*EXERCISE AIM*. Retype exactly what runs from the first line of the data to the line with "This text builds", keeping both of those lines and skipping pictures.

*COLLECTED MATERIAL*.
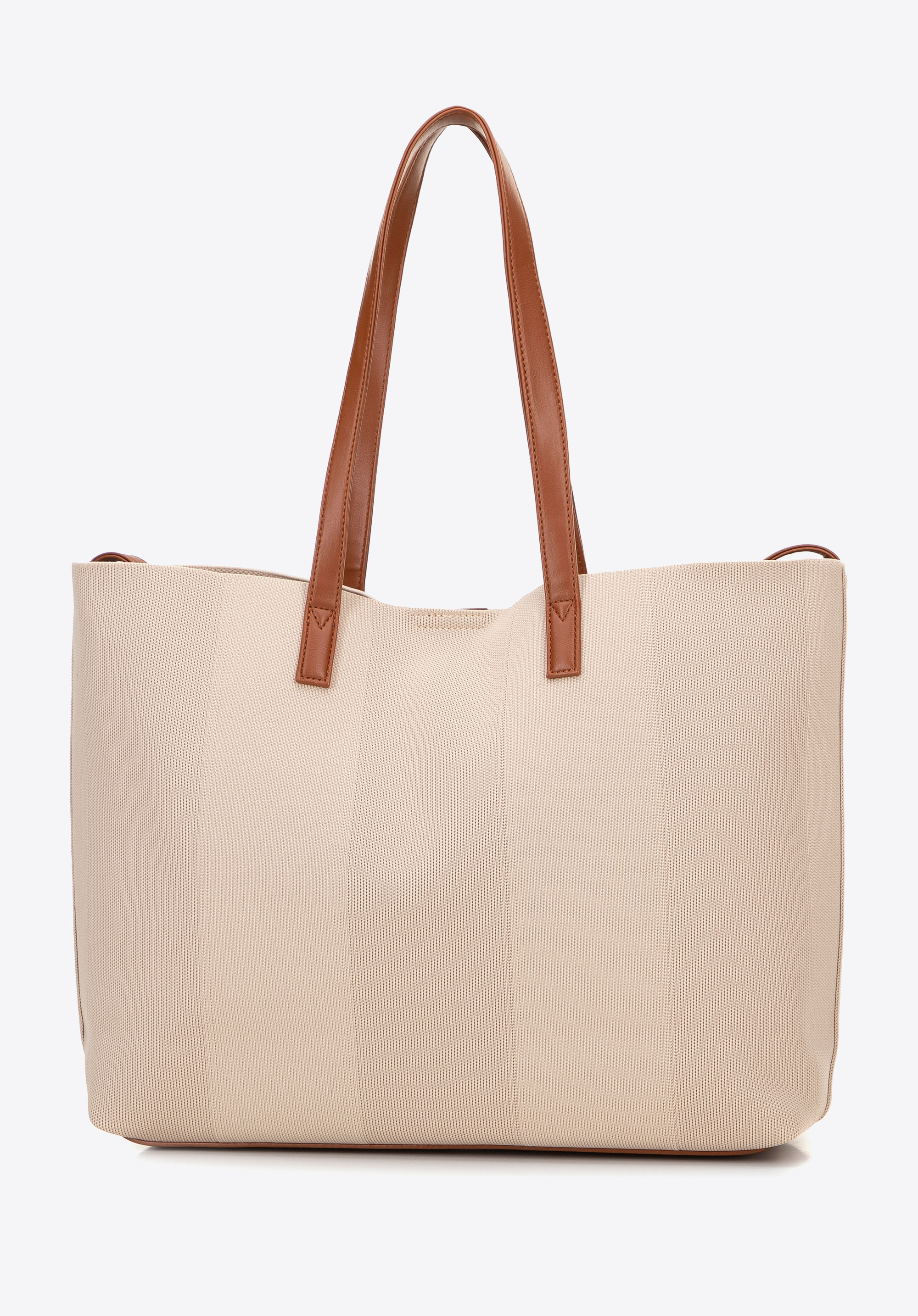 Elegancja połączona z funkcjonalnością – torebka shopperka WITTCHEN to dodatek, który doskonale uzupełni każdą stylizację. Przestronny, lekki fason bez usztywnienia sprawia, że torebka będzie idealnym wyborem na zakupy, spacer czy wakacyjne wycieczki. Dzięki regulowanemu paskowi wewnętrznemu możesz dostosować kształt i pojemność torby do swoich potrzeb, a zapięcie na magnes gwarantuje bezpieczeństwo przechowywanych rzeczy. Wyraziste wyszywane logo WITTCHEN przyciąga wzrok, podkreślając elegancję tego modelu.
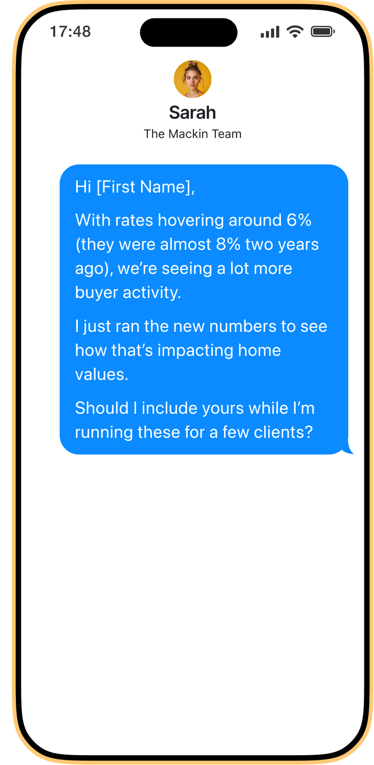 This text builds on that moment - with a home value angle. Send it to everyone who opened yesterday’s email.
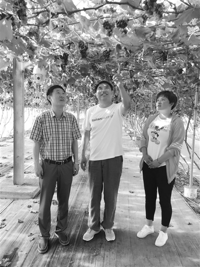 张保国(中)在农场看果树生长情况。

*YOUR RESPONSE*.
 Elegancja połączona z funkcjonalnością – torebka shopperka WITTCHEN to dodatek, który doskonale uzupełni każdą stylizację. Przestronny, lekki fason bez usztywnienia sprawia, że torebka będzie idealnym wyborem na zakupy, spacer czy wakacyjne wycieczki. Dzięki regulowanemu paskowi wewnętrznemu możesz dostosować kształt i pojemność torby do swoich potrzeb, a zapięcie na magnes gwarantuje bezpieczeństwo przechowywanych rzeczy. Wyraziste wyszywane logo WITTCHEN przyciąga wzrok, podkreślając elegancję tego modelu.
 This text builds on that moment - with a home value angle. Send it to everyone who opened yesterday’s email.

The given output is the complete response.